Greencoat Renewables PLC (LSE:GRP) said it will hold its dividend target steady after reporting resilient cash generation, despite a modest decline in net asset value. The group reported an unaudited NAV of €1,102 million, equivalent to 99.0 cents per share, as at 31 December 2025.

A quarterly interim dividend of 1.70250 cents per share was declared for Q4 2025, bringing the total distribution for the year to 6.81 cents per share and completing the company’s stated full-year target. Management also confirmed that this dividend level will be maintained for 2026. Power generation came in below expectations, running 9.1% under budget in the fourth quarter and 10.4% below budget for the full year, but this was offset by robust net cash generation of €27.7 million in Q4 and €114.6 million across 2025. This supported a healthy net dividend cover of around 1.5x.

Net asset value per share declined by 2.5 cents during the quarter, reflecting a combination of lower power prices, revised operational budgets, reduced Guarantees of Origin assumptions and dispatch constraints in Ireland. Despite these headwinds, Greencoat Renewables emphasised its proactive approach to balance sheet management. During the period, the company extended its €350 million revolving credit facility to 2028, entered into interest rate swaps fixing part of its debt at 3.9%, and maintained a weighted average cost of debt of 3.4%.

Liquidity remained strong, with €138 million of cash and €240 million of undrawn facilities at year end. Management said this financial flexibility supports a geared portfolio internal rate of return of 9.4% and underpins the sustainability of the dividend policy for shareholders across its Irish, UK and South African registers.

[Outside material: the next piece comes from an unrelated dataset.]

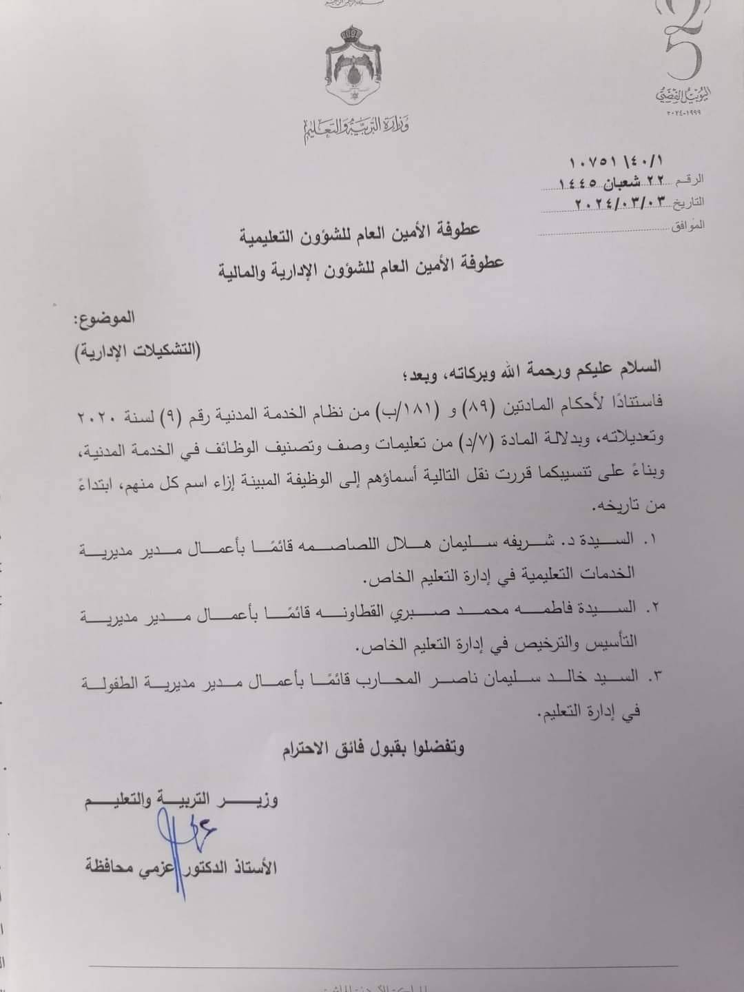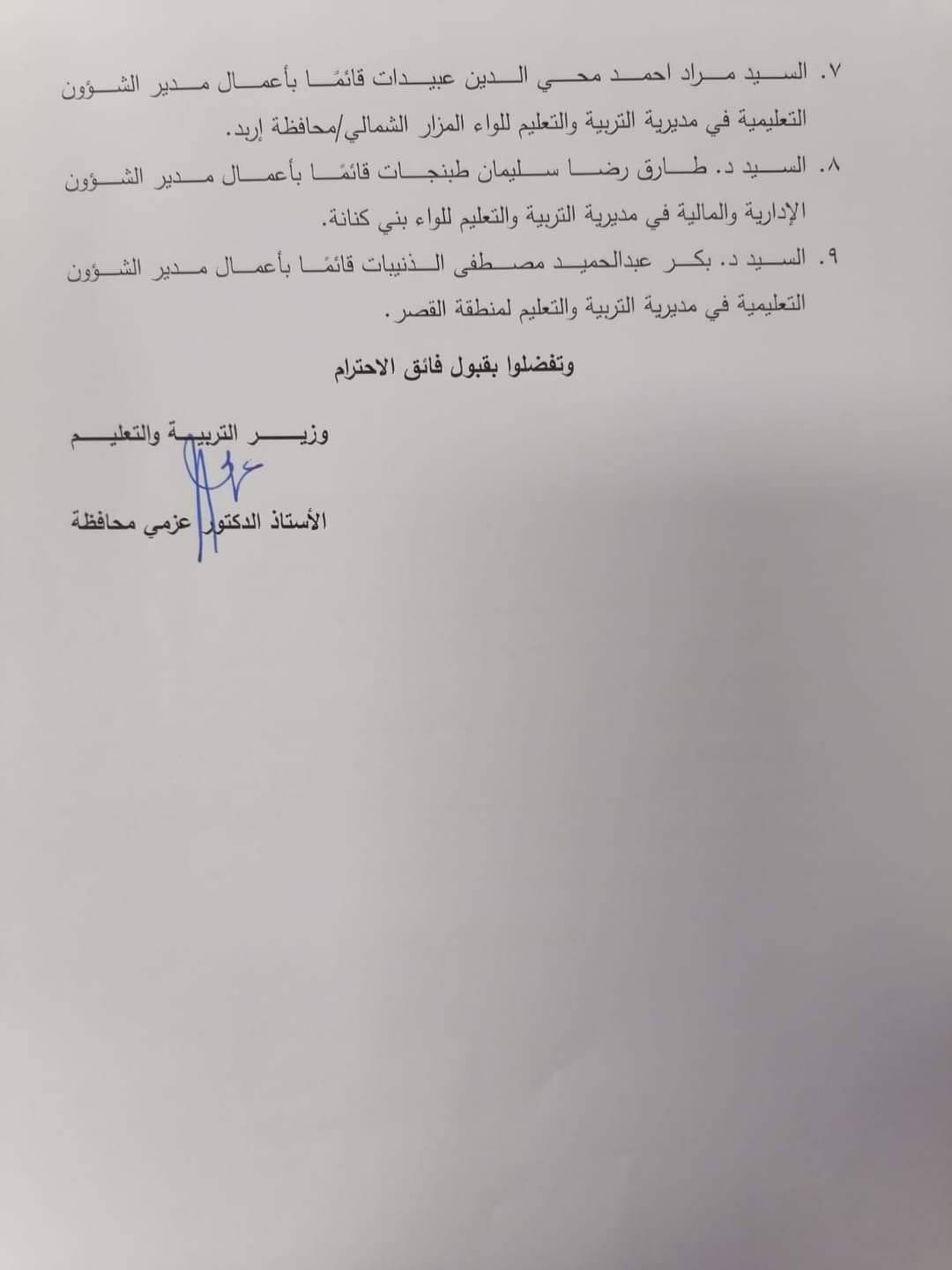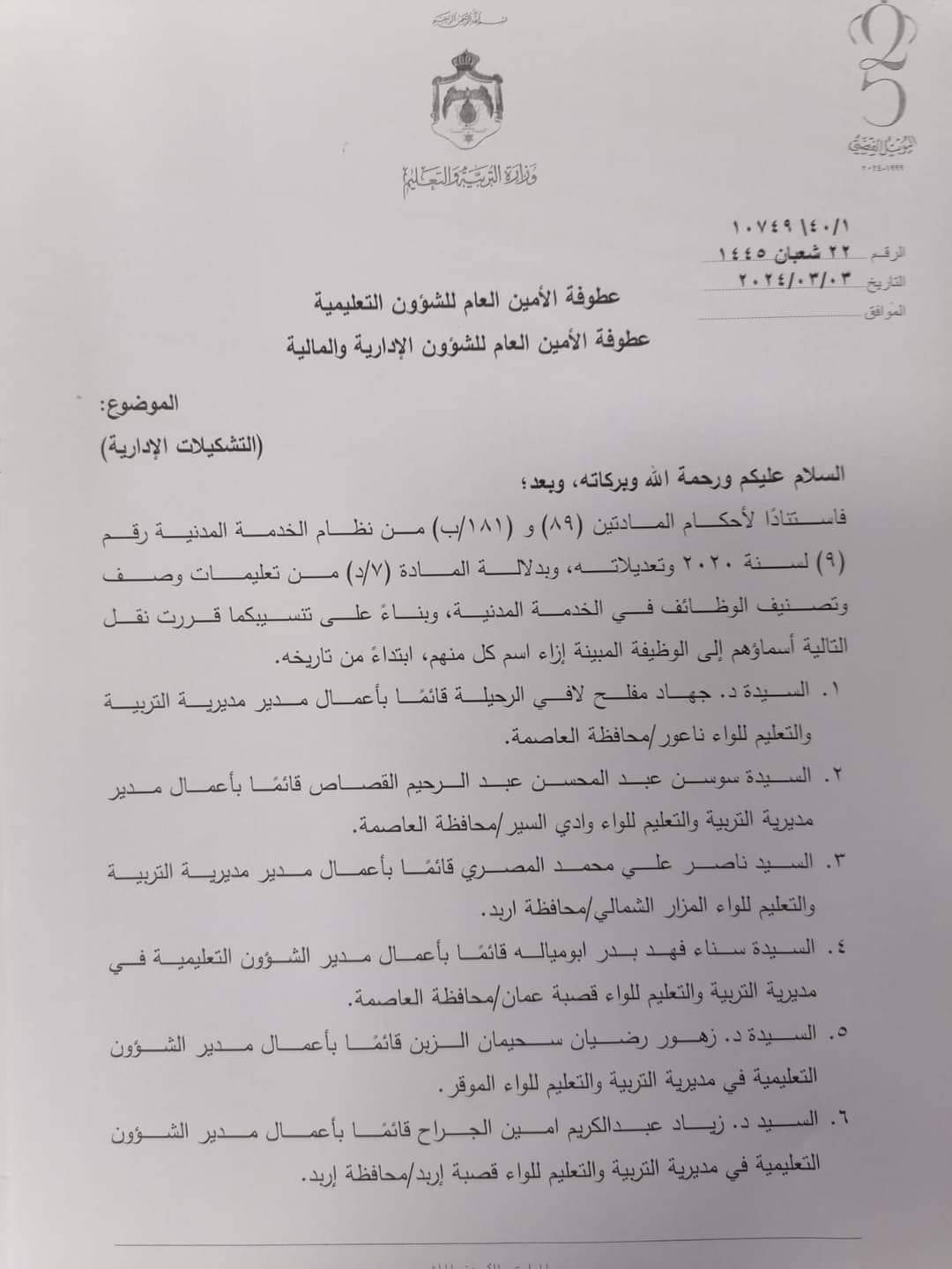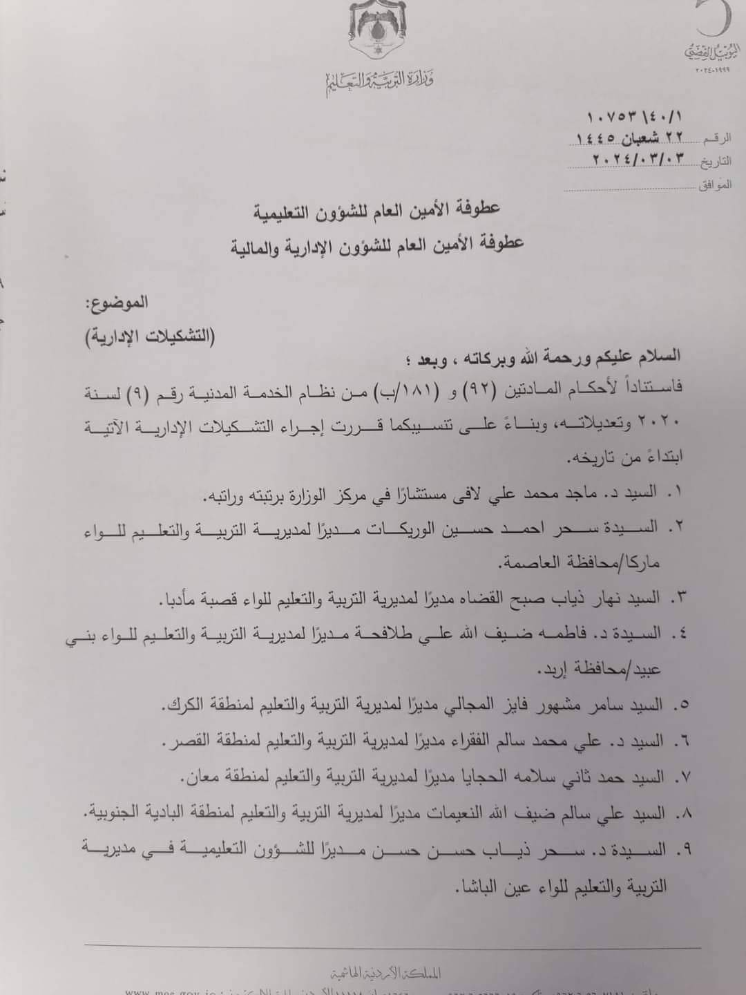 تشكيلات وتنقلات وتكليفات في التربية - أسماء

More about Greencoat Renewables PLC

Greencoat Renewables PLC is a listed renewable infrastructure company focused on owning and operating renewable energy assets, primarily wind generation, across Europe. The group targets long-term, stable cash flows from contracted and regulated power generation, appealing to income-oriented investors seeking exposure to the energy transition and European decarbonisation trends.